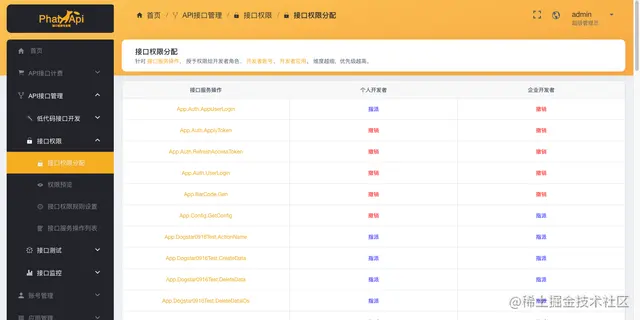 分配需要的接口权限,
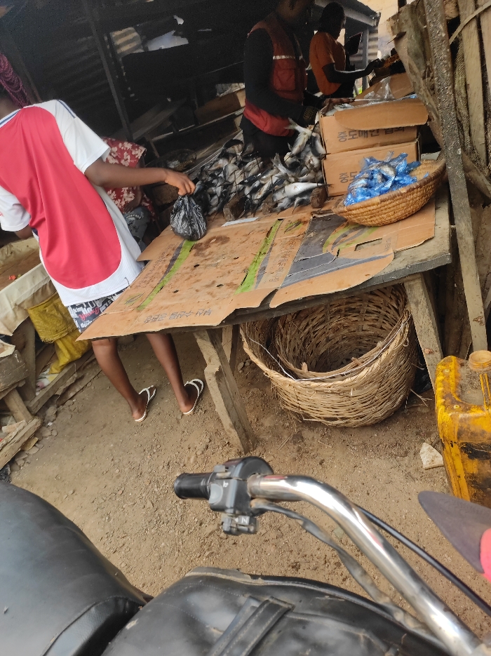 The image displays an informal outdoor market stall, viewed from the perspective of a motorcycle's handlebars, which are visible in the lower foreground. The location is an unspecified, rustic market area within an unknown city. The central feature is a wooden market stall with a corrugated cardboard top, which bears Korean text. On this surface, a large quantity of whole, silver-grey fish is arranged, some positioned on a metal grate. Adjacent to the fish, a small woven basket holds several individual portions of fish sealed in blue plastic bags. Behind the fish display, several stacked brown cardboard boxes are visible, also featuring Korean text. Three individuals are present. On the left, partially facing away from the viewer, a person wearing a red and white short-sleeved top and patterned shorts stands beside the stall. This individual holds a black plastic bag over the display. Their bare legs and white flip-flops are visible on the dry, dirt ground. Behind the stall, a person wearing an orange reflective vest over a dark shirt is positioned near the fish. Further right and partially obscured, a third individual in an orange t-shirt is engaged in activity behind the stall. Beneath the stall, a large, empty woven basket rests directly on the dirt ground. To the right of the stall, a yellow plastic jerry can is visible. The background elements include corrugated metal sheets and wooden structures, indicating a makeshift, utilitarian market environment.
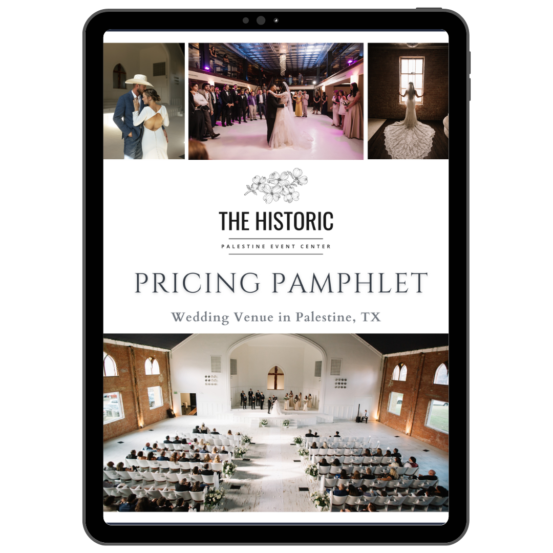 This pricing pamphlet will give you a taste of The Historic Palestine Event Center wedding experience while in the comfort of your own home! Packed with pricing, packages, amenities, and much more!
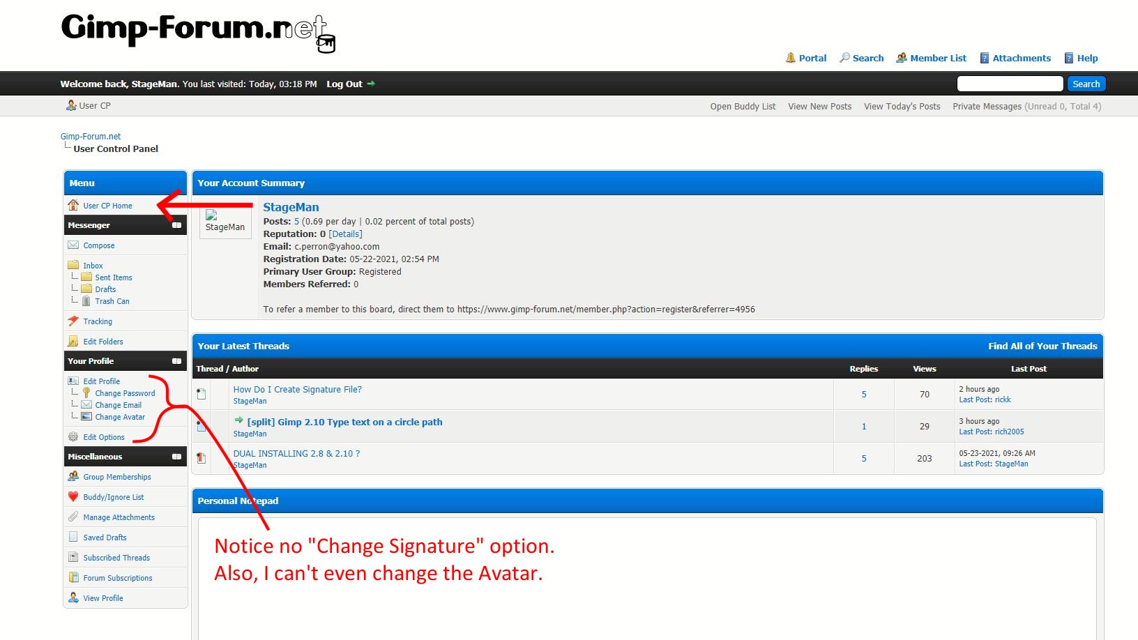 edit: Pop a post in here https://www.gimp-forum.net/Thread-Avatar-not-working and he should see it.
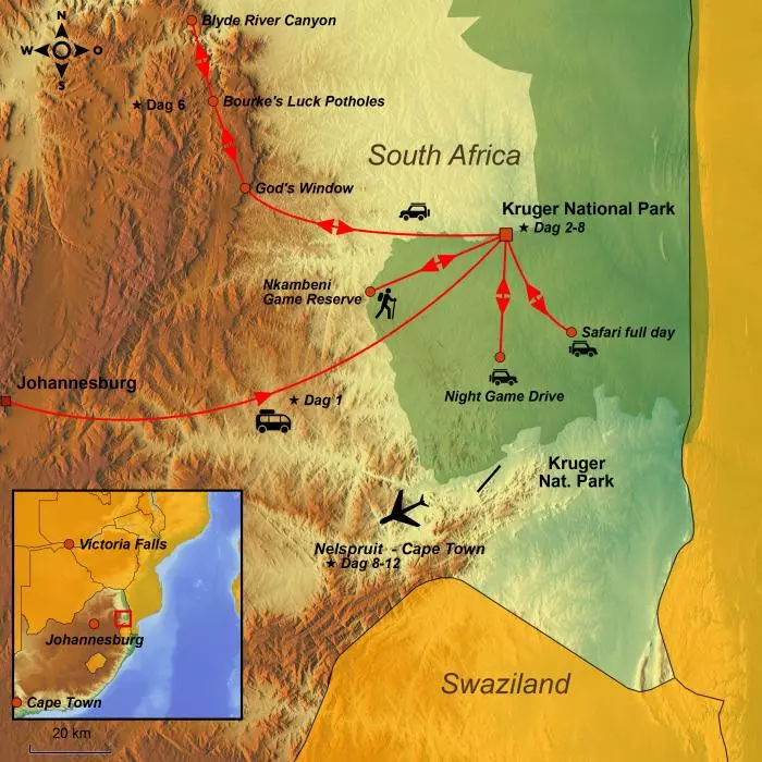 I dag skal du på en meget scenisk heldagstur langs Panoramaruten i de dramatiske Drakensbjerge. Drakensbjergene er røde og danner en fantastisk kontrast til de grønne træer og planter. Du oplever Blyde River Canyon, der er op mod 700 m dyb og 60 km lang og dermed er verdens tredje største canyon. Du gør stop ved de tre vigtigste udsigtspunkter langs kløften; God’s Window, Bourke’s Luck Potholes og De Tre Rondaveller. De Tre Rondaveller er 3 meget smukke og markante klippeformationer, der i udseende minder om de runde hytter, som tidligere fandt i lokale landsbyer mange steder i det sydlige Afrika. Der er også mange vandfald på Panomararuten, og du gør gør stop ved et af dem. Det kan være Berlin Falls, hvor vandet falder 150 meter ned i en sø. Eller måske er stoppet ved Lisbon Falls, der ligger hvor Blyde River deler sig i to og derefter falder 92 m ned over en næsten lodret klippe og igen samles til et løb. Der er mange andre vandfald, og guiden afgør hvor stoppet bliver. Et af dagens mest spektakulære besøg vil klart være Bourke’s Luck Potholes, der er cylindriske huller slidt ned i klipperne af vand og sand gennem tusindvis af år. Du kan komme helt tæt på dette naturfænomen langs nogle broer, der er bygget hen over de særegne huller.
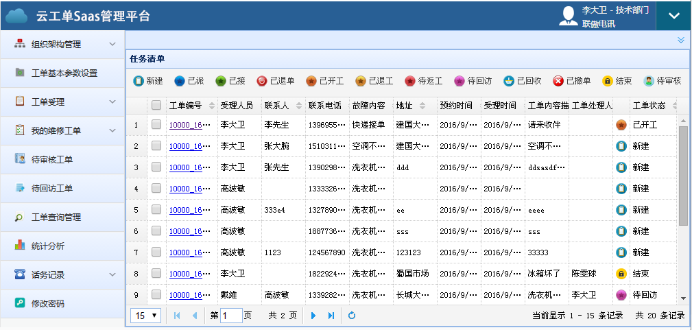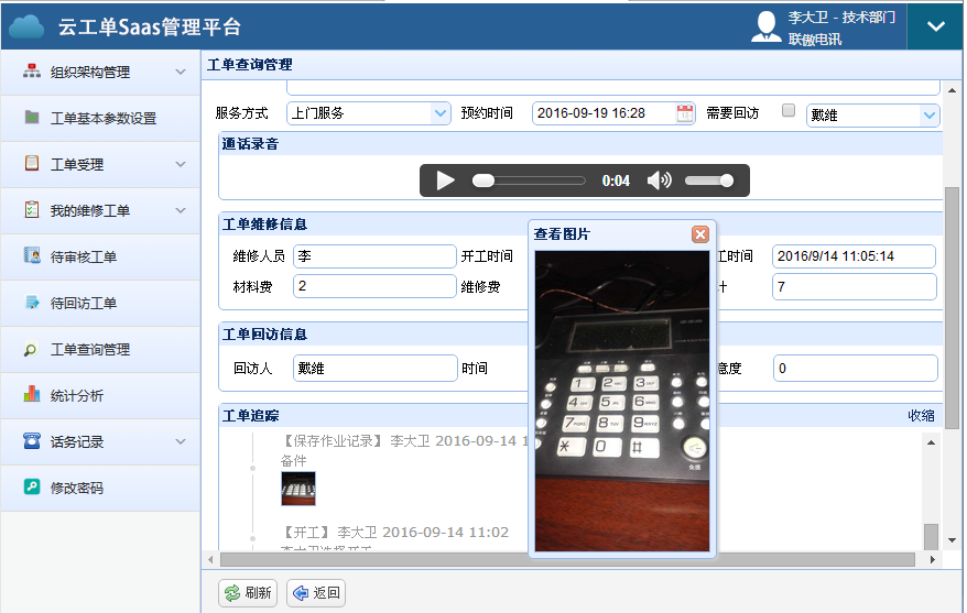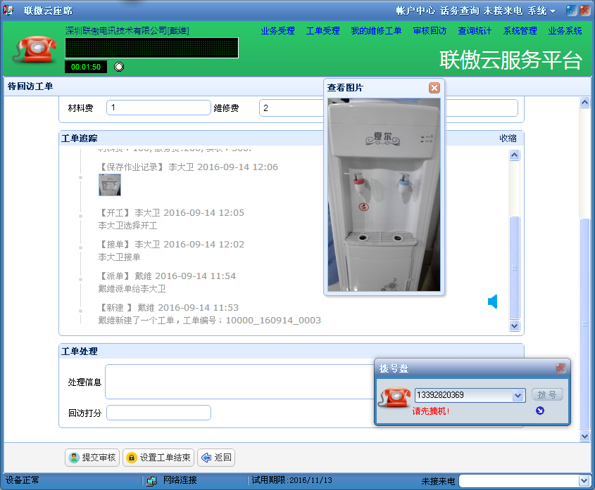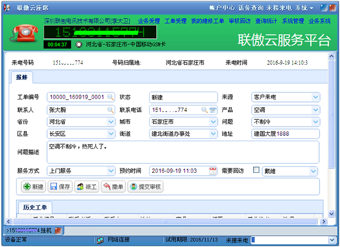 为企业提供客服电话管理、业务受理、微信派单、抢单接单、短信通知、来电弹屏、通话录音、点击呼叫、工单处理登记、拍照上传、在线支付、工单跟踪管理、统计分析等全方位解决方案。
...
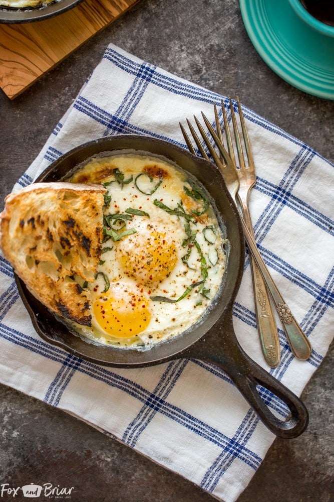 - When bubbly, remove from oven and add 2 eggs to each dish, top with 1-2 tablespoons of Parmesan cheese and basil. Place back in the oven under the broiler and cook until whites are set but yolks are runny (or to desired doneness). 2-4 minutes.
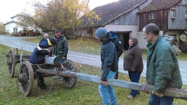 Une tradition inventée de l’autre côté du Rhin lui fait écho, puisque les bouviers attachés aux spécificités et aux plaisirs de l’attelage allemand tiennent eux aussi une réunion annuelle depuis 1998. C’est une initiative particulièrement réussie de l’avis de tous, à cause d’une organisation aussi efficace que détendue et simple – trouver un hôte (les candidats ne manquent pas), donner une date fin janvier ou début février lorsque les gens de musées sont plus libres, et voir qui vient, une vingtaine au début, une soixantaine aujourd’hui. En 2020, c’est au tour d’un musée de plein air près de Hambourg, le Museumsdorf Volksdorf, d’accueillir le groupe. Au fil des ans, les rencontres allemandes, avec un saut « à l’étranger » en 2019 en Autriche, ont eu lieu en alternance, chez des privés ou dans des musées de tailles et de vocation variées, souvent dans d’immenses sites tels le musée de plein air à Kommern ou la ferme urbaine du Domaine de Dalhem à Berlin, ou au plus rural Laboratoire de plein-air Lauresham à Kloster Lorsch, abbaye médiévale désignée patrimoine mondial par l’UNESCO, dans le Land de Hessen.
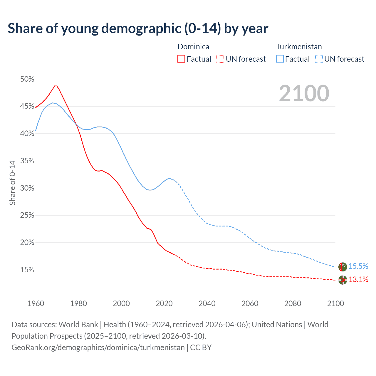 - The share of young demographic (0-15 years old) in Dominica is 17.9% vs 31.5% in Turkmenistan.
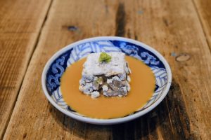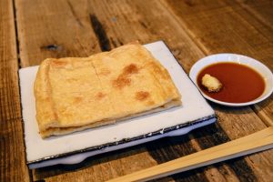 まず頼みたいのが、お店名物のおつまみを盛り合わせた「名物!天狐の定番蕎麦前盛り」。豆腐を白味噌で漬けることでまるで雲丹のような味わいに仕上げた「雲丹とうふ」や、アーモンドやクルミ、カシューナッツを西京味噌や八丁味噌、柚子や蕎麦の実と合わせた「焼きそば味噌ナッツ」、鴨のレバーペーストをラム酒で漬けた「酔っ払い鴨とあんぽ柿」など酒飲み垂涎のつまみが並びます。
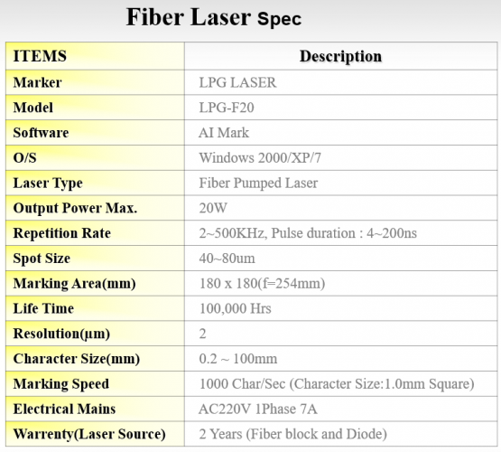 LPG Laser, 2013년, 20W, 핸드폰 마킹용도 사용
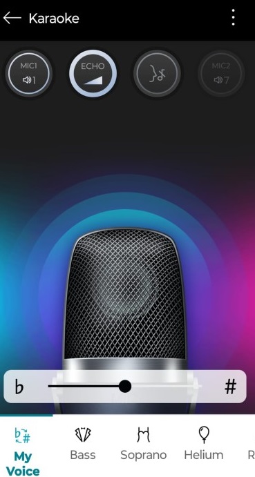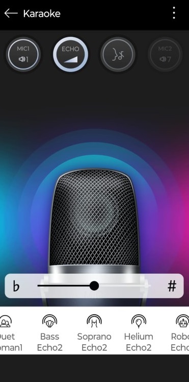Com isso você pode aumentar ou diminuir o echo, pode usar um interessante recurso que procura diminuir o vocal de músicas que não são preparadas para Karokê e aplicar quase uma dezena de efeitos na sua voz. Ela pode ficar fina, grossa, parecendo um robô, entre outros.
* * *
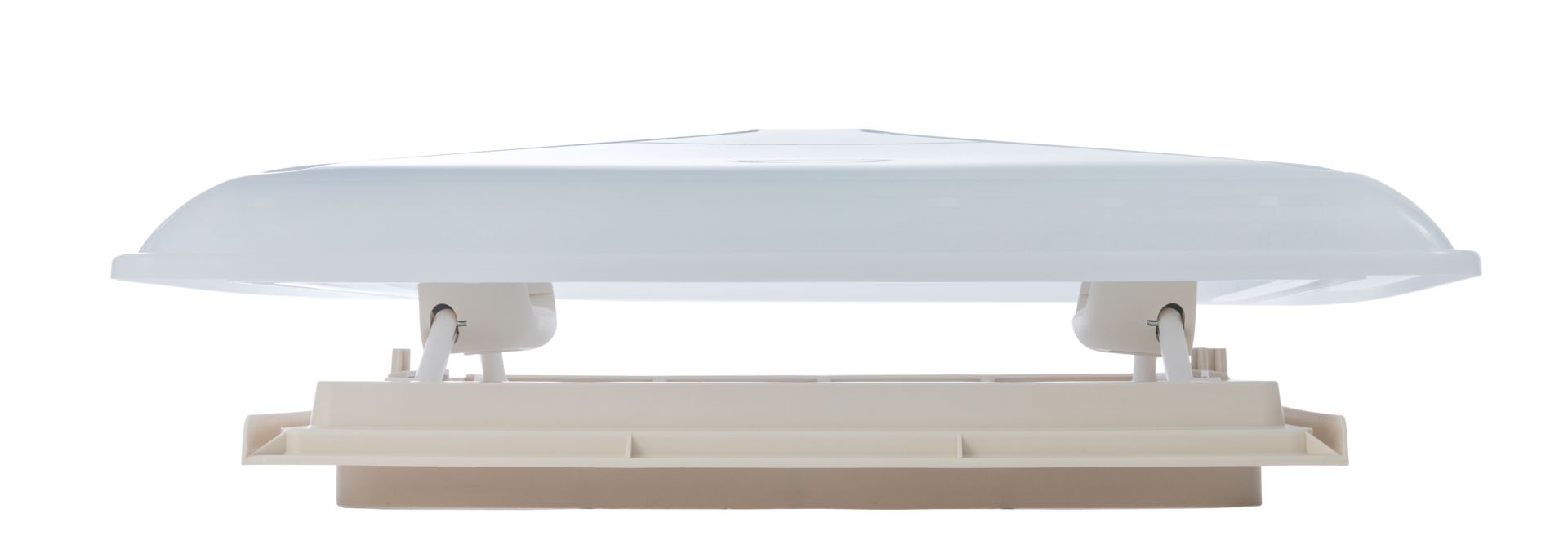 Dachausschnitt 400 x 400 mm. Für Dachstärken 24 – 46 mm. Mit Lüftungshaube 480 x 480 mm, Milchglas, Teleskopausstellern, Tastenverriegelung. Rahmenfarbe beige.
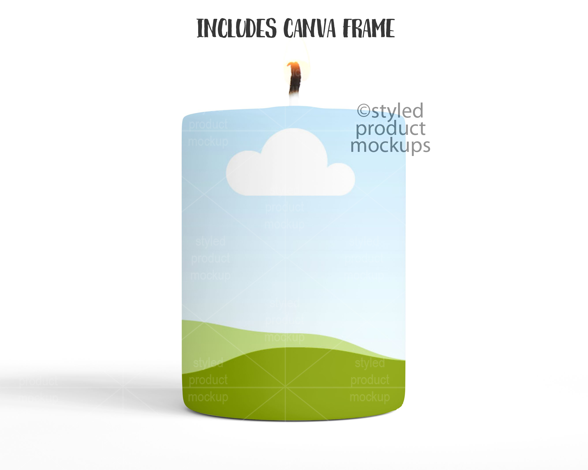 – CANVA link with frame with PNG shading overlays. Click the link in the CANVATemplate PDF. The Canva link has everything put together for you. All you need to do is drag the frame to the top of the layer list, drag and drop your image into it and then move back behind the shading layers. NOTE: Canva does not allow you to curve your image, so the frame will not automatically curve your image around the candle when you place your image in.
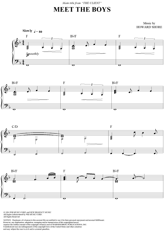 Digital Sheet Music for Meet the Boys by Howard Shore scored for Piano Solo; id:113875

WORK REQUIRED.
Using the data above, output the line that has "LPG Laser, 2013년, 20W, 핸드폰 마킹용도 사용", the line that has "Com isso você", and whatever lines fall between, each exactly as it stands and without pictures.

THE COMPLETED TASK.
 LPG Laser, 2013년, 20W, 핸드폰 마킹용도 사용
Com isso você pode aumentar ou diminuir o echo, pode usar um interessante recurso que procura diminuir o vocal de músicas que não são preparadas para Karokê e aplicar quase uma dezena de efeitos na sua voz. Ela pode ficar fina, grossa, parecendo um robô, entre outros.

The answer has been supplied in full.